The manual mode requires two user input: aperture and ISO sensitivity. This is exactly the same as the automatic mode. The ISO sensitivity is easy to understand because it is the ISO value used by the camera. The aperture is a little confusing to many beginners. In general, the aperture one must dial in to the flash is the aperture value used by the camera. However, we can use different apertures, and, as a result, it is important to understand the meaning of an aperture on a flash. An aperture, say Fx.y, on a flash means that the flash must send exactly the output power required to match the same aperture (and ISO) used on a camera. For example, if the camera and flash both use F8.0, the flash must prepare an illumination that can match F8.0. The power for F8.0 is twice the power of that for F5.6 because the opening for aperture F8.0 is 50% of the opening of the aperture F5.6, and to maintain the same amount of illumination the flash must send out twice the power of F5.6 for the F8.0. Therefore, a small aperture used on a flash causes the flash sends out more flash power, and the flash output for F8.0 is twice of the flash power of F5.6, which, in turn, has a output power twice of the F4.0. We shall use various sample shots to illustrate this fact.

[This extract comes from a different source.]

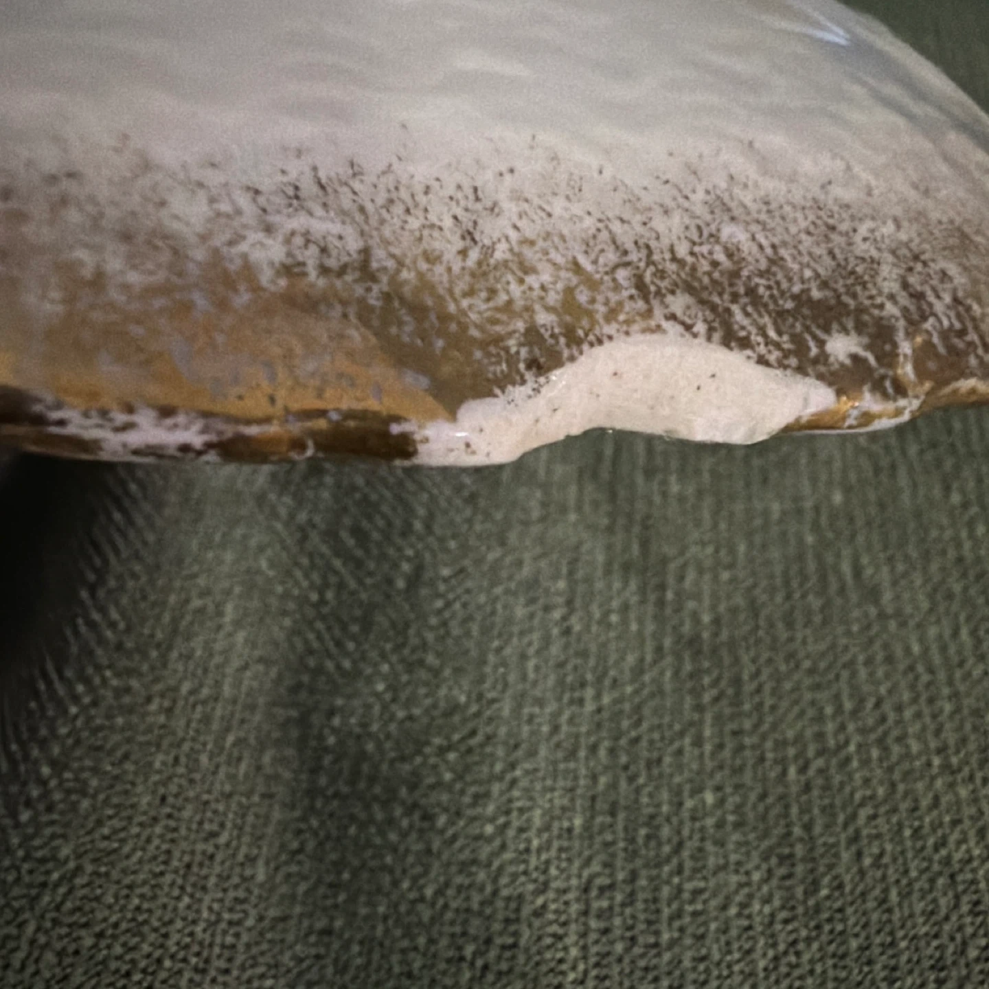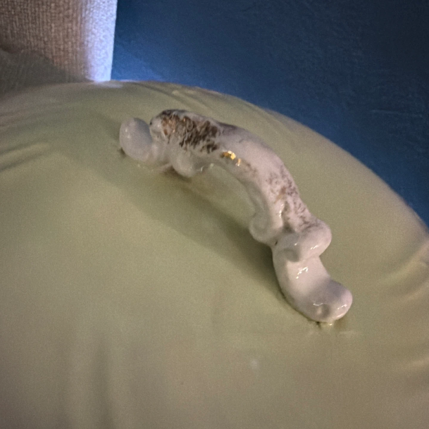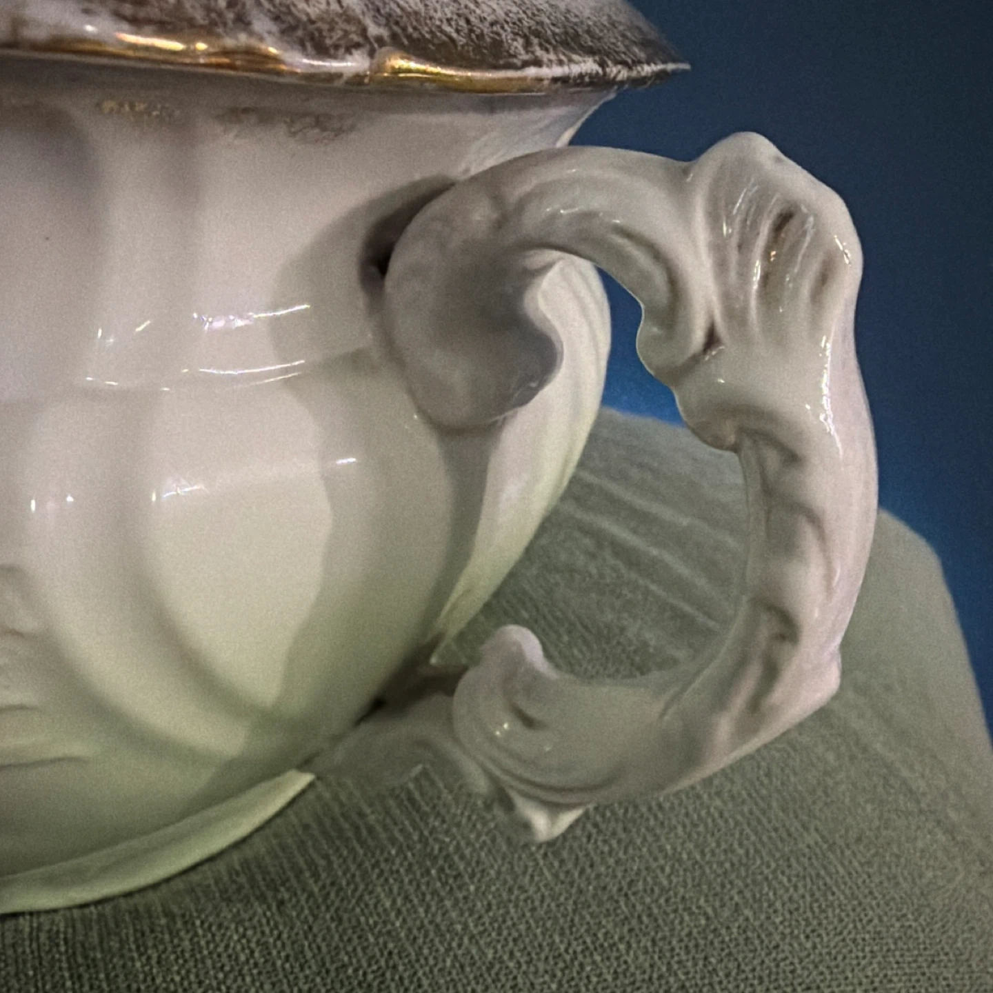 Antique wash basin bowl made by John Maddock & Sons. It's part of their Royal Vitreous collection. Features ornate handles and a pale green exterior.

This seems similar to the discussion of the automatic mode. However, the key difference is that in the manual mode the flash always sends out the intensity for the given flash aperture, while in the automatic mode the flash output is the maximum available power as the flash sensor may cut off flash power early.
The Manual (M) mode is not very different from the Automatic (A) mode and is not very difficult to use, if you know the Automatic (A) mode well. It provides you with a total control of your flash and your camera. The following is a possible procedure of using and external flash that has an aperture setting.
Your external flash may not be powerful enough to illuminate the scene with a given aperture. Recall that the guide number of a flash is equal to the product of flash-subject distance and aperture. Therefore, if the selected aperture is small (resp., large), the flash-subject distance must be short (resp., long) to properly illuminate the scene.
For example, suppose we use ISO 100 and a flash of GN 50. If we choose to use F8.0, the flash-subject distance should be less than or equal to 50/8 = 6.25 ft. If the flash-distance is larger than this value, the image will be under-exposed. Should this happen, use a larger aperture or move your flash closer to the subjects.
Moreover, each external flash has its own minimum power output. If the flash-subject distance is too short, it is possible that the flash will not be able to reduce the power further to match the selected large aperture, then you will have an over-exposed image. Should this happens, use a smaller aperture and/or move away from your subject to increase the flash-subject distance.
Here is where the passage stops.